Our Data Protection Officer is Trilateral Research Ltd. 

• Contact them at: dpo@admin.cam.ac.uk or write to them at:

• Trilateral Research Ltd, 1 Knightsbridge Green, London SW1X 7QA.

If you are unhappy with how we have used your information, you can make a complaint to a data protection supervisory authority.

• If you are in the UK, the supervisory authority is the Information Commissioner's Office (ICO). You can visit their website here.

• If you are in the EU, you can find your local data protection authority here

15) Children’s personal data

Some of our learners and candidates are under 18. We handle children’s data with particular care, in line with data protection law and relevant safeguarding requirements. 

We do not typically rely on consent to process children’s personal data. Most of our processing is based on public task, legal obligation, or legitimate interest (e.g., delivering qualifications, ensuring access arrangements, or complying with exam regulations).

However, where consent is required for a specific service – such as certain online tools or marketing communications – we follow the UK GDPR age threshold for digital consent, which is 13 years old. If a learner is under 13, we require consent to be given by someone with parental responsibility.

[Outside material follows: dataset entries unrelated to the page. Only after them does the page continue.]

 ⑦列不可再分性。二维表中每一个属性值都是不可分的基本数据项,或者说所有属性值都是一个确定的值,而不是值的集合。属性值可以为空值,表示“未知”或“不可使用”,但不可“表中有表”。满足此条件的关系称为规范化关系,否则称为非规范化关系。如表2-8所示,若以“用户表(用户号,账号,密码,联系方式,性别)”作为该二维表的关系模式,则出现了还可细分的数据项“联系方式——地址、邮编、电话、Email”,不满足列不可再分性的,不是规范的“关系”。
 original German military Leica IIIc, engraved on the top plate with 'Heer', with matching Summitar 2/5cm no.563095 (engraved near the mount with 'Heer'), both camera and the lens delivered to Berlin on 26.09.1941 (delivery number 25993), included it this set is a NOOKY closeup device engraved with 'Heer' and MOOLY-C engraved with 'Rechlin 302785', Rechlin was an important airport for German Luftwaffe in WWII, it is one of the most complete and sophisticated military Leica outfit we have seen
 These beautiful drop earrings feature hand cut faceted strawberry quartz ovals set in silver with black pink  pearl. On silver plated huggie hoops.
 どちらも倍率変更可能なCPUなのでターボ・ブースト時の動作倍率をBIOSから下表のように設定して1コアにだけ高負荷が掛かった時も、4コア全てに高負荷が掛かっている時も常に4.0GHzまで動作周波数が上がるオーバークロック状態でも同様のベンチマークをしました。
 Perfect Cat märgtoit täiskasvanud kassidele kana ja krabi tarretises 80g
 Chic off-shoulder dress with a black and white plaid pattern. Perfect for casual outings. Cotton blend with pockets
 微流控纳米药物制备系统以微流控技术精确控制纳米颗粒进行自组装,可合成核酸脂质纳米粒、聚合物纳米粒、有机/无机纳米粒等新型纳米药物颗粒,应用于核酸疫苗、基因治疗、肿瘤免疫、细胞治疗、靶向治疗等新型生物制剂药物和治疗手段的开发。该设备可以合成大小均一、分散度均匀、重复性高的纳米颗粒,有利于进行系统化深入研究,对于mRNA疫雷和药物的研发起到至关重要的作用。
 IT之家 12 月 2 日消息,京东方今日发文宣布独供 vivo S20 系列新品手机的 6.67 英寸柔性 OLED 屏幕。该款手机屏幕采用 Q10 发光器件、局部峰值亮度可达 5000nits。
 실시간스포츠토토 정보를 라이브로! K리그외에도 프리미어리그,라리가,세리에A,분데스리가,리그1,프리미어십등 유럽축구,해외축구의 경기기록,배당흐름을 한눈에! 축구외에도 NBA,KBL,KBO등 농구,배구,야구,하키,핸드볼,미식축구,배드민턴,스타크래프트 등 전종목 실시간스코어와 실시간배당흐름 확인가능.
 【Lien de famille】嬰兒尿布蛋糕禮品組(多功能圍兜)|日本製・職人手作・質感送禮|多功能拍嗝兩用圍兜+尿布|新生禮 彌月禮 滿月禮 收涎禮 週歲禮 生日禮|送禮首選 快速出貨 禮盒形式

In some cases, a parent, guardian, or school may also act on the children’s behalf to exercise data protection rights, depending on the child’s age and ability to understand those rights.

We take additional steps to protect children’s data, such as:

• Limiting access to staff with a need to know 

• Applying appropriate retention periods

• Ensuring clear communication suitable for younger audiences

• Embedding child-protection considerations in service design.

16) Updates to this notice

We update this notice if things change.

You can always find the latest version on our website.